Selection of TP53 Mutations in Cancer
Specific mutational hotspots for TP53 missense variants in the DBD are observed in cancer. This is partly due to the high susceptibility of certain DNA sequences to mutagenic processes and environmental factors. These hotspots do not necessarily indicate a gain of oncogenic function but rather reflect the protein’s intrinsic fragility and vulnerability to the mutagenic environment.
Most TP53 missense mutations in cancer lead to a loss of function, and the prevalence of individual variants aligns with mutational likelihood and immune system recognition.
Functional studies show that removing mutant TP53 does not affect cancer growth, supporting the view that TP53 mutations primarily impair tumor suppression rather than driving new oncogenic functions.

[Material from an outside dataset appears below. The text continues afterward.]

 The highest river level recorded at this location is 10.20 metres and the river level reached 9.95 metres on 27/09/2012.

Additionally, some hotspot mutations are less immunogenic, suggesting that immune evasion plays a role in their selection, further complicating the relationship between mutation prevalence and cancer-driving effects.

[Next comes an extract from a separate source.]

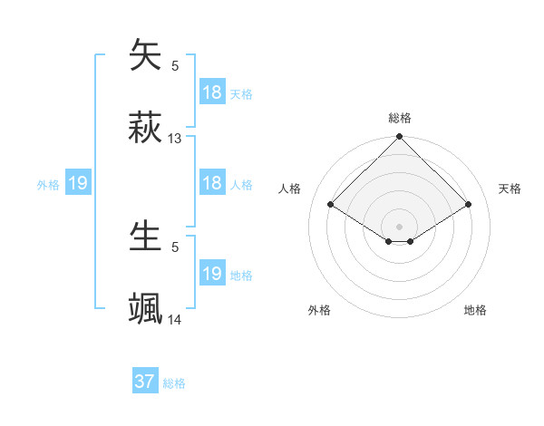 矢萩 生颯さんの総格は37画の5点!

The frequency of TP53 mutations varies by tumor type and can be influenced by cell-specific factors and co-mutated oncogenes, which interact with mutant p53 to enhance cancer progression.

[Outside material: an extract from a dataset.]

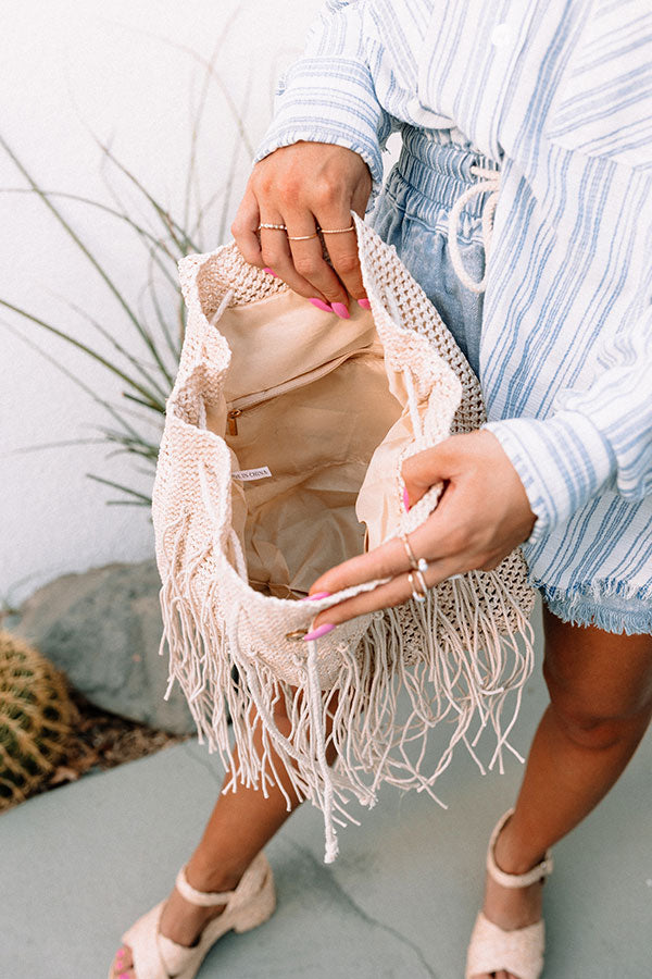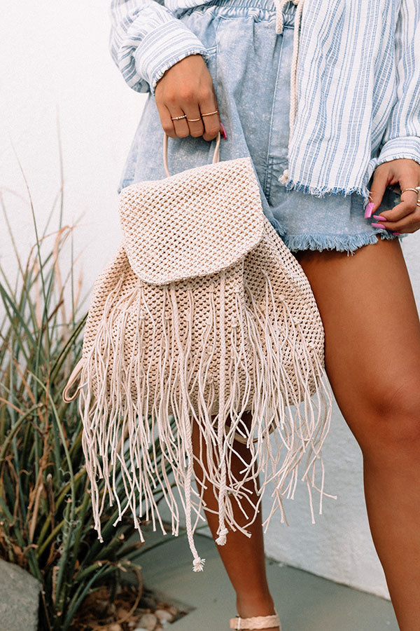Keep your summer bag casual with our effortless light beige colored 'Cabana Spot' backpack featuring lightweight raffia material with fringe detailing, a rounded flap with a snap button, a single top handle, two adjustable shoulder straps, and a spacious fully lined interior with a cinched closure!

TP53 and its Evolutionary Past
The diversity of oncogenic TP53 variants primarily arises from the protein’s fragile and extended functional domain, making it susceptible to frequent single nucleotide substitutions (SNS) in both normal and tumor cells. While in vitro studies and mouse models suggest that some variants may exhibit diverse antimorphic or neomorphic activities, their clinical relevance remains uncertain.
The rapid evolution of p53 compared to its more stable paralogs, like p63 and p73, has contributed to its unique instability. This instability, while advantageous for its functional adaptability, makes p53 particularly susceptible to mutations.
Typically, protein structures are resilient to sequence changes, having evolved for optimal function rather than stability. The extreme fragility of p53 may enable it to adapt its conformation to cellular perturbations and allow for rapid turnover. Unlike its more stable paralogs, p53 has evolved more quickly, affecting its stability. In vertebrates, there’s a correlation between the thermodynamic stability of p53’s DNA-binding domain and the organism’s body temperature, indicating that human p53 has evolved to be only marginally stable, which contributes to its vulnerability to mutations.
Conclusion
In conclusion, the study highlights how p53’s evolutionary structure makes it particularly vulnerable to mutations that impair its tumor-suppressive function. This vulnerability is not merely a consequence of genetic instability but reflects a complex balance between adaptability, structural fragility, and evolutionary pressures.